The objective of this study was to examine the changes in somatic health among patients enrolled in OMT programs over a span of about 1 year. We assessed self-reported somatic conditions and the perceived burden of somatic symptoms at the beginning of treatment (T0) and again after 12 months (T1) follow-up. Additionally, we explored factors associated with improvement in the burden of somatic symptoms at T1.

Methods

Study design

This study used data from the NorComt study, a longitudinal, naturalistic, multi-site study [27,28,29].

Setting

Participants were recruited from participating OMT facilities across Norway during 2012–2015. Follow-up data were collected during 2014–2016. In Norway, OMT is mostly provided on an outpatient basis by publicly funded health services and follows national treatment guidelines [30]. An established OUD diagnosis is the main criteria for entering treatment. The specialist healthcare service serves as the overall responsible provider, but treatment is provided in collaboration with primary healthcare and social services. The OMT guidelines in use during the data collection period were implemented in 2010. They have since been revised, in May 2022 [30]. More details about the study setting were provided in previous publications [27,28,29].

Participants

Initially, 283 patients who entered OMT participated in the study. The formal inclusion criterion was admittance to an OMT facility. There were no formal exclusion criteria. Participants were consecutively enrolled in the study when beginning treatment and consented at baseline (T0) to be contacted for additional data collection 1 year later (T1) for a follow-up interview [29]. Clinicians at each treatment center conducted the baseline interviews with enrolled patients within 3 weeks from treatment initiation. In preparation for the interviews the NorComt research group provided training to facility staff through in-person sessions, and provided support throughout the T0 data collection phase. Follow-up data were collected approximately 12 months (range 11–18 months) following inclusion. At T1, the interviews were conducted by three doctoral students and two trained and experienced interviewers from the NorComt research group. Of the 283 patients who entered OMT, 176 (62%) were included in the analysis and 107 (38%) were coded as lost to follow-up (see flow chart describing reasons for being lost to follow-up in Supplementary file 1).

Measures

The study used a structured interview that included questions on sociodemographic variables, housing, substance use, and a variety of measurements relevant to the treatment of substance use disorders (SUDs) [27,28,29]. To assess the severity of somatic symptoms, a checklist consisting of 16 common somatic symptoms among individuals with SUD was utilized [16]. The checklist drew inspiration from validated scales such as the Patient Health Questionnaire 15-Item Somatic Symptom Severity Scale (PHQ-15), and other validated scales [31, 32]. The items were selected based on their relevance to symptoms that, according to clinical judgment, were deemed most relevant for patients in OMT. These were: oral health complaints (teeth/gum), reduced memory, indigestion, constipation, joint pains, headaches, dizziness, respiratory ailments, visual disturbances, urine tract ailments, chest pains, skin infections, diarrhea, blood clots, eczema, sexually transmitted diseases (STDs). Participants were asked to indicate the extent to which they had been bothered in the past 6 months by each symptom. Answers were presented on a 0–4 response format, with 0 corresponding to “not at all”, 1 “a little”, 2 “moderately”, 3 “a lot”, and 4 “very much”. Patients were also asked to indicate whether the symptoms were chronic (i.e., had lasted at least 3 months in the past 6 months) using “yes” or “no”. The main outcome was burden of somatic symptoms. This was calculated as the sum of numeric responses on the 16 somatic symptoms variables, resulting in a range from 0 to 64.
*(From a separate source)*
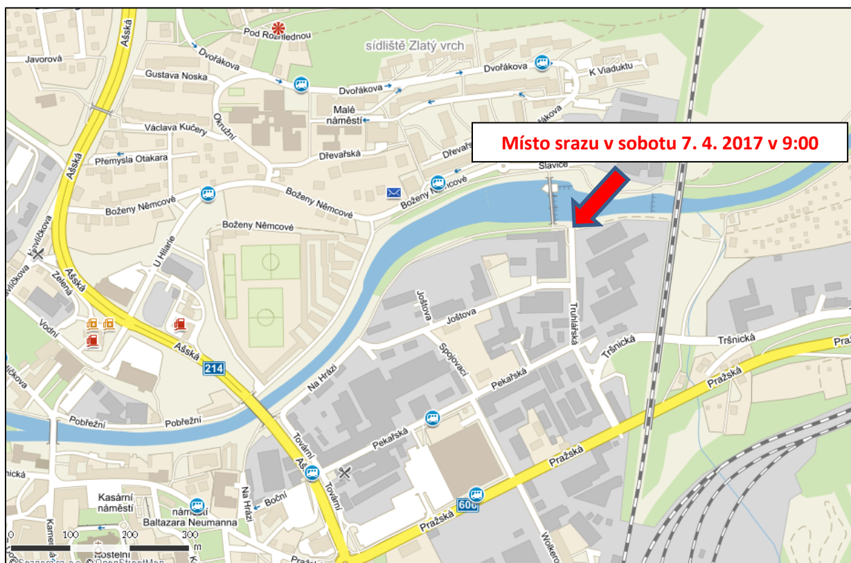
Obrázek 1: Místo srazu v Chebu u Ottova mostu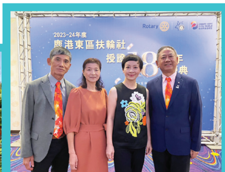
▲參加鹿港東區社社慶

Patients were asked to indicate whether they currently had one or more common somatic diseases/conditions on a list of 10: diabetes, high blood pressure, CVD, chronic obstructive pulmonary disease (COPD), asthma, hepatitis B, hepatitis C, liver cirrhosis, human immunodeficiency virus (HIV), and cancer. If they replied “yes”, they were asked whether they had received treatment for the given condition in the past 6 months. To assess the severity of substance use, we utilized several substance-related variables, including the Severity of Dependence Scale (SDS), intravenous use in the past 6 months, age at first intravenous use, number of substances used in the past 6 months, and smoking (tobacco) in the past 6 months [8, 15, 33, 34]. The SDS is a validated five-item scale that was originally designed to measure dependence on specific substances but was rephrased to reflect the overall dependence on substances (e.g., “Did you think your use of substances was out of control?”). Responses were given in a 4-point format ranging from 0 to 3, with 0 corresponding to “Never” and 3 corresponding to “Always”. The summed scale ranged from 0 to 15, with higher scores representing higher severity. In addition to the SDS, injection drug use was incorporated as a proxy for assessing the severity of substance use in the regression analysis [34, 35]. Mental distress was assessed with the Hopkins Symptom Checklist 25 (HSCL-25) which included common symptoms of mental distress experienced in the past week. The scale had a 5-point Likert response format with higher scores representing higher severity [36, 37].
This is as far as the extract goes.